Llegue ante las ruinas del castillo, allí donde nadie había. Las losas enterradas entre la tierra de los siglos verdeaban por la humedad que el agua había dejado. Soplaba un viento que silbaba al pasar por los huecos de lo que fueron puertas en la muralla. Hice un esfuerzo para imaginar la magnificencia del lugar y cerré los ojos para escuchar los cascos de los caballos pasando por el puente de madera encima del foso, Los defensores asomados en las altas torres, y las damas, tiritando de frío entre los tapices que cubrían las paredes de los sillares de piedra.
Los caballos de los alférez subían por las anchas escaleras y allí, el señor de la fortaleza ayudado por sus pajes bajaba del caballo pesándole su cota de maya, casi oxidada, y aun con fatiga y mucho orgullo, intentaba bajar con el gesto más altivo que lo que el cuerpo le permitía sin soltar su escudo. La espada y el casco eran otra tortura para el cuerpo magullado y las rozaduras por donde la camisa de lana se había rota le habían ocasionado, quemaban la piel de aquél joven hombre noble al que ya los adolescentes de doce años, consideraban viejo con sus apenas treinta años.
Olía a al hedor de las caballerizas y a los cerdos y gallinas que al lado en los corrales, o sueltos cuando no había batallas, grandes o pequeñas escaramuzas, obligaban a recoger animales y personas en el interior.
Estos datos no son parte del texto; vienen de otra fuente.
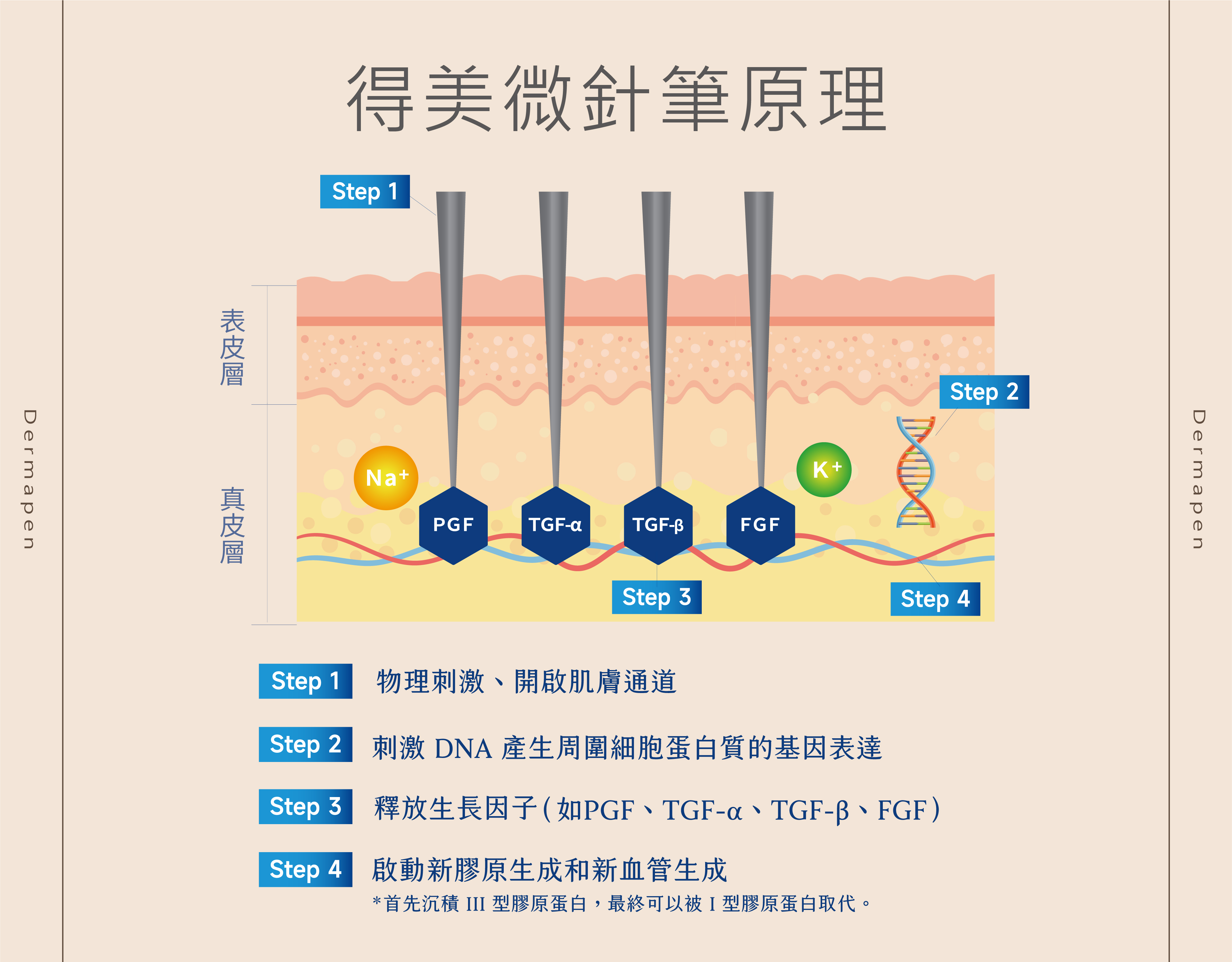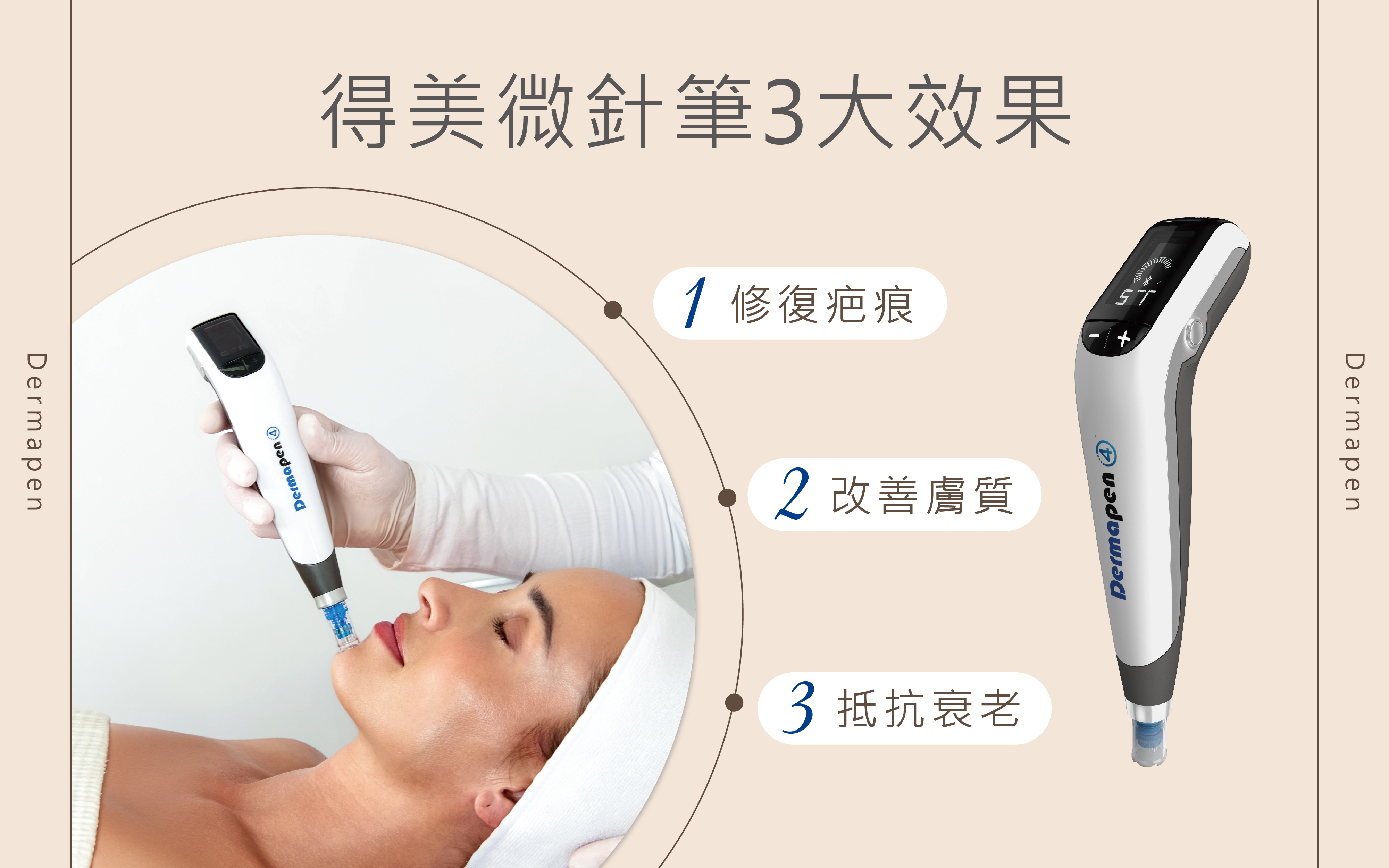 得美微針筆(Dermapen 4)是第四代電動微針,主要用來減少痘疤、毛孔粗大、細紋等皮膚問題。其原理是透過每秒可創造1920個微通道的33G極細鋼針,在皮膚上高速旋轉,刺激肌膚的自我修復機制並促使膠原蛋白新生,進而幫助改善皮膚質地和外觀。此外,該設備獲得美國FDA、歐盟CE、台灣衛福部的三重認證,安全性極高。

No quedaba nada de los grandes fuegos en las estancias, ni de la leña y los hornos para cocer el pan... Aquellos vestigios se sostenían de pie mostrando a los visitantes piedras sobre piedras y la tierra colonizando las ruinas sin esplendor alguno.
Anduve recorriendo todas las piedras de aquél baluarte en ruinas, sintiendo a mi alrededor, ulular al viento como si al entrar y salir de hendiduras y pasadizos semi ocultos entre las rotas estancias resonaran los pasos de los caballeros y los cascos de los caballos sobre el pavimento de piedra.
Algo rozaba a los visitantes que se atrevían a profanar aquellas piedras roídas y diseminadas sin concierto y sí, con mucho tiempo de permanencia. Algo que apenas si se captaba. Y sentí que había que marcharse y seguir leyendo las batallas en los libros para dejar en paz la sangre vertida en aquél lugar.